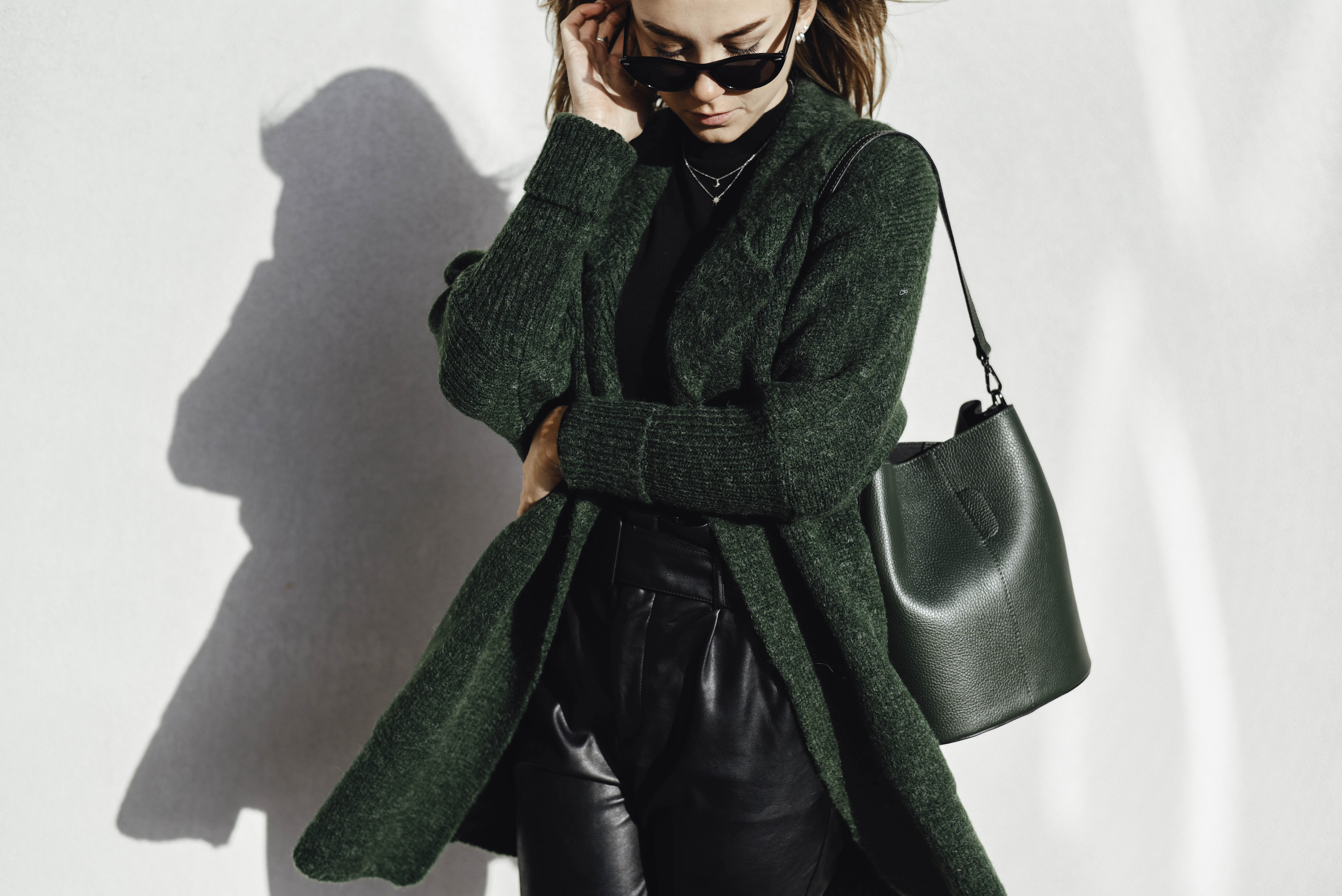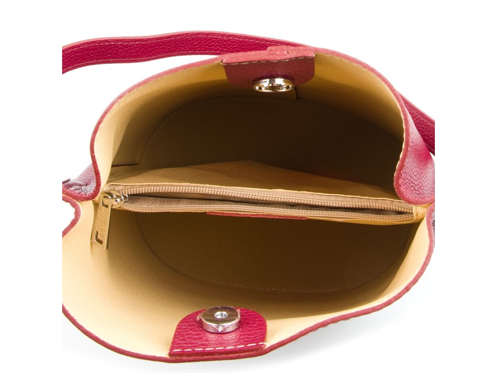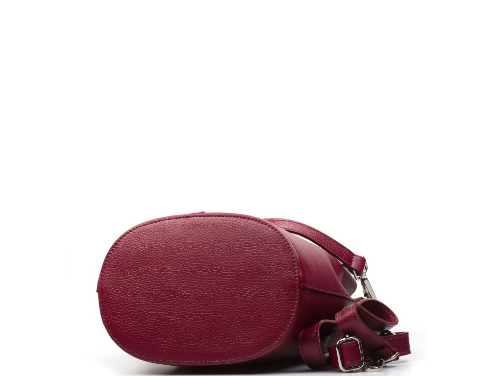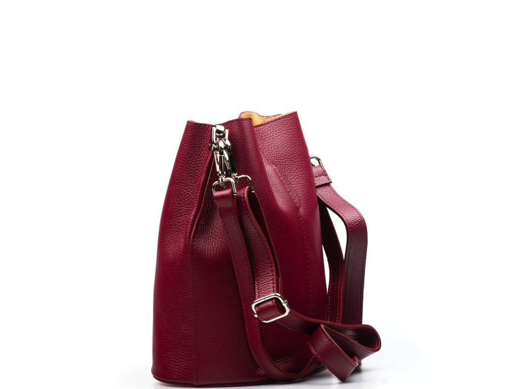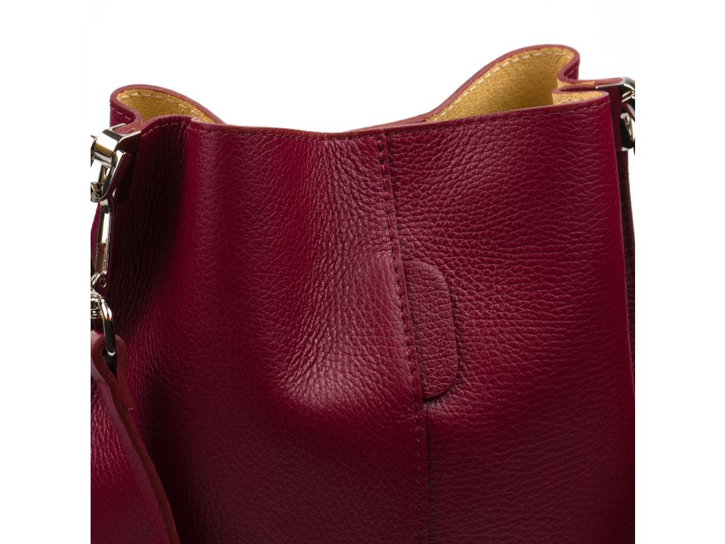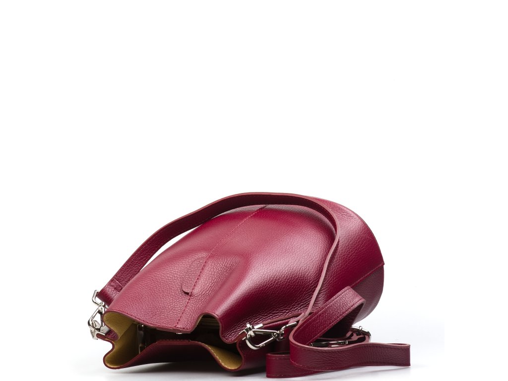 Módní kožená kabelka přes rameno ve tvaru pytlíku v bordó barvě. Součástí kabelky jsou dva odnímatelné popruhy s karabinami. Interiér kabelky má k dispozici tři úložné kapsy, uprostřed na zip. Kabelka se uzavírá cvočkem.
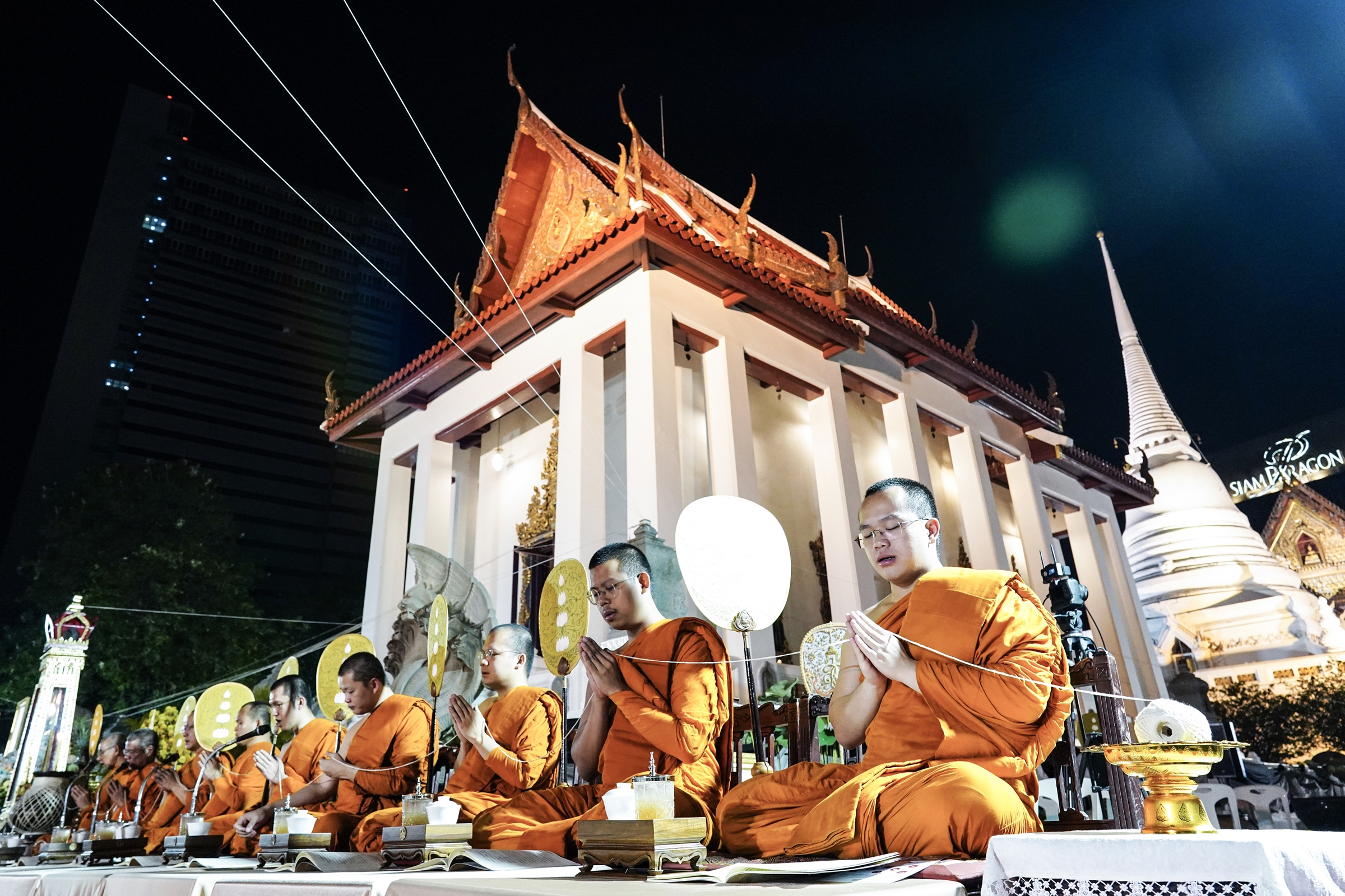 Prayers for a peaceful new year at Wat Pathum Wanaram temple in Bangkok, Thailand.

---

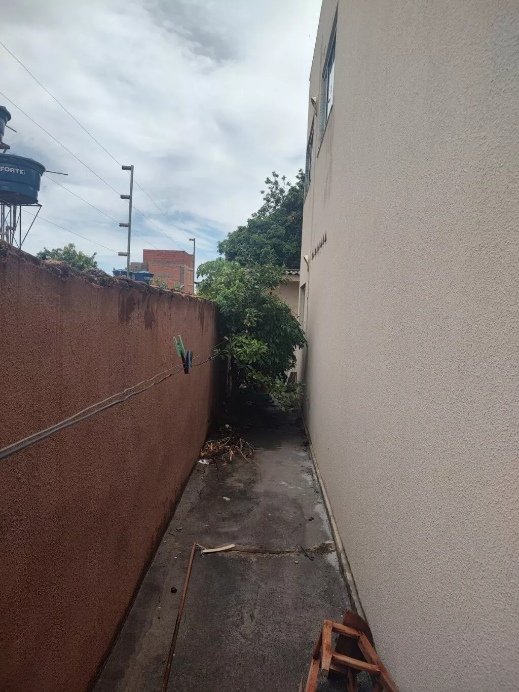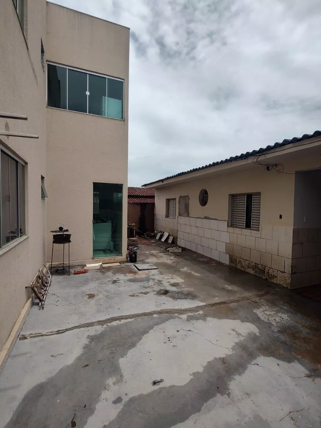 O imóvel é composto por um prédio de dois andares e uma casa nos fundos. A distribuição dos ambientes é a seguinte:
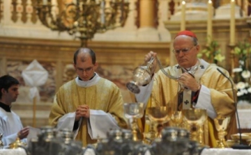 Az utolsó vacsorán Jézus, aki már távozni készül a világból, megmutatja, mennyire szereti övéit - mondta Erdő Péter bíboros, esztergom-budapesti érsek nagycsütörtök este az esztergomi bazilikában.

YOUR GOAL: What is needed is an exact copy of the lines above, from the one holding "Módní kožená kabelka" down to the one holding "Prayers for a", with those two included and the pictures left out.

RESPONSE TO THE TASK:
 Módní kožená kabelka přes rameno ve tvaru pytlíku v bordó barvě. Součástí kabelky jsou dva odnímatelné popruhy s karabinami. Interiér kabelky má k dispozici tři úložné kapsy, uprostřed na zip. Kabelka se uzavírá cvočkem.
 Prayers for a peaceful new year at Wat Pathum Wanaram temple in Bangkok, Thailand.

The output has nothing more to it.